Skyfall
Columbia/MGM
Directed by Sam Mendes
50 Years, Bond is Back, says the trailer. James Bond is indeed back, but with a power and depth unusual in the series till now. Skyfall delivers all the bombs and bombast, shoot-’em-ups and chases, beautiful women, gadgets, continual menaces and deliverances that we’ve come to expect from “Bond, James Bond” but with much more substance and subtext This is not your father’s “plastic-characters” Bond.
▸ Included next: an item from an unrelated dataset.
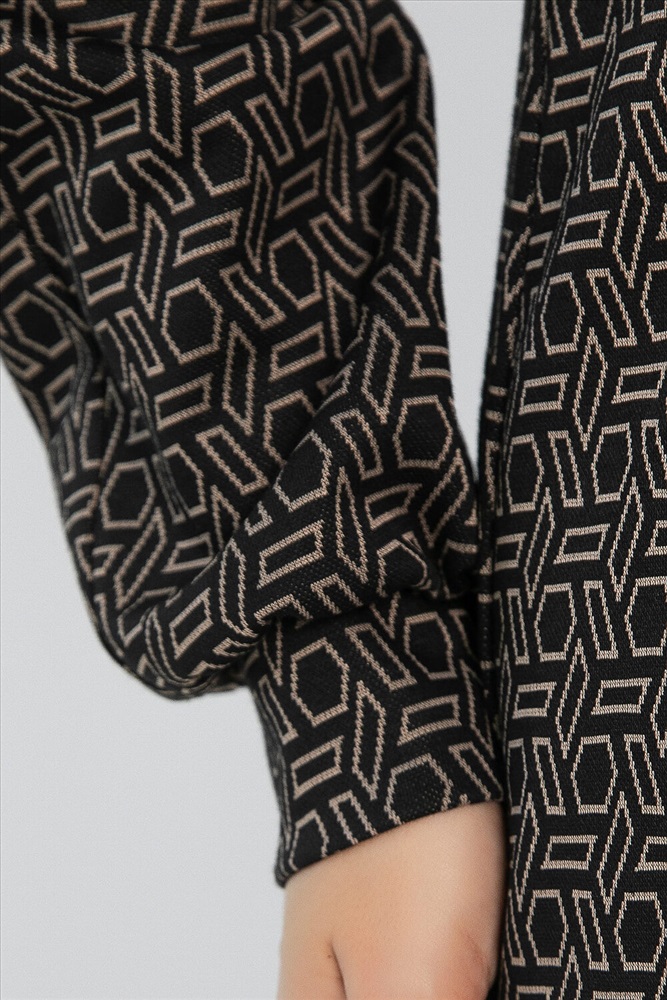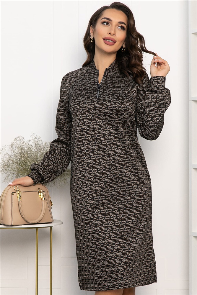 Принт в минималистичном стиле на спокойном коричневом фоне придаёт образу особую изысканность. Платье легко сочетается с различными аксессуарами и обувью.

Communication theory suggests that the primary effect of mass media is to reinforce and support us in things that we already believe in. We go to them because they present a world that mirrors the issues of our psyches. And Skyfall presents a Bond for aging baby boomer hearts that have been through some of the battles of life, older but wiser, and yet not ready to call it a day. When Bond (Daniel Craig), a now beaten up, grizzled veteran whose years have taken their toll, is asked by villain Silver (Javier Bardem) what his hobby has become, he bristles: “Resurrection.”
The masterfully engaging opening sequence ends with Bond’s apparent death via the muffed shot of a younger agent (Naomie Harris) while in full battle atop a speeding train. After profoundly beautiful opening credits, M (Dame Judy Dench) is seen penning his obituary while tears of rain flow down the windows of London’s MI6. Obviously he has survived, but as a hollow, gaunt, visibly stressed and wounded warrior, whose return is moved only by an apparent terrorist attack upon MI6 headquarters. As soon becomes apparent, the threat is much more personal: M herself is the target, with the computerized warning: Think On Your Sins.
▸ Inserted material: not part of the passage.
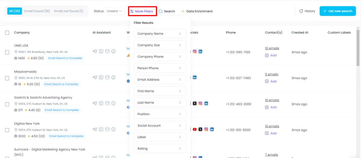 Once filtering is complete, review the refined list of companies and export or manage the data as needed.

The threats are twofold. First, British politicos have decided that the human element, agents and spying and valor, have become outmoded. It is a new day of computers and satellites. Even exploding pens, as a new young Q reminds Bond, are no longer utilized.
Instead Bond is given a new Walther PPK pistol that has been computerized to his palm print — “less of a random killing machine, more of a personal statement” — and a radio transmitter. That’s it. So much for the old gadgetry.
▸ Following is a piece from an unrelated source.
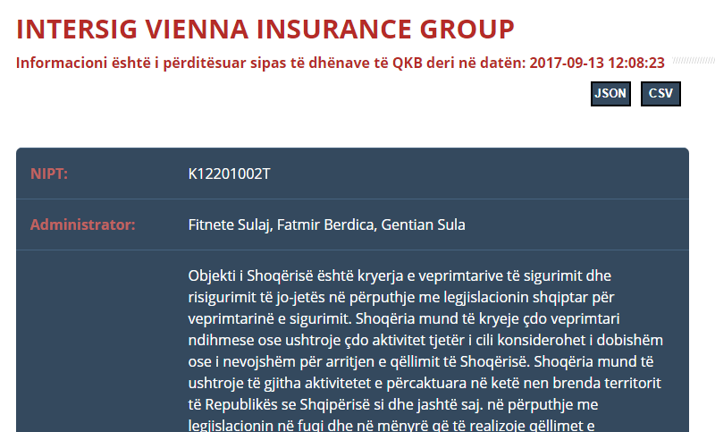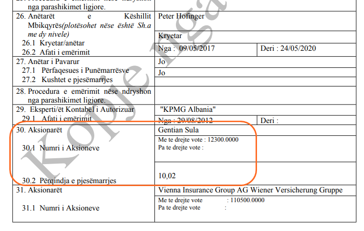 Kompania në fjalë rezulton se ka 3 administratorë, përkatësisht Fitnete Sulaj, Fatmir Berdica, Gentian Sula, ku ky i fundit është edhe pronari i vetëm shqiptar me 10% të aksioneve, pasi 90% i zotëron kompania mëmë nga e cila ka marë edhe emrin, Vienna Insurance Group AG Wiener Versicherung Gruppe. Kjo shoqëri ka fituar në vitet e fundit rreth 650 milionë lekë të vjetra nga tenderat.

But the second, central threat is from M’s own history of difficult choices over a lifetime of service. Silver presents a Bond villain unlike any to date: human, damaged, and all too understandable as a Lucifer/fallen angel imago who in his hubris overreached and, in the pain and bitterness of what transpired when doom befell him, has turned upon his maker. His only desire left is to bring the maker down. He perceives that he and Bond were the chosen sons, Cain and Abel, and that “Mother” M loved him best until she betrayed him, leaving him to suffer and die. “Mommy was very bad,” he tells Bond — bad to both of them. Won’t Bond join him in revenge?
Bond’s backstory takes James and M back to the ancestral home where he was orphaned to make a final stand. And in a sense the whole film is about the valor of continuing to make our stands in the face of time and age.
At a government hearing where she is being berated for the apparent obsolescence of her agency, M responds by quoting Alfred, Lord Tennyson’s classic poem Ulysses:
One equal temper of heroic hearts.
Made weak by time and fate, but strong in will.
To strive, to seek, to find, and not to yield.
In the end Bond has indeed returned as a fuller human being who has learned something about love and loyalty, trust and sacrifice, aging and sustaining. Bond has become an adult.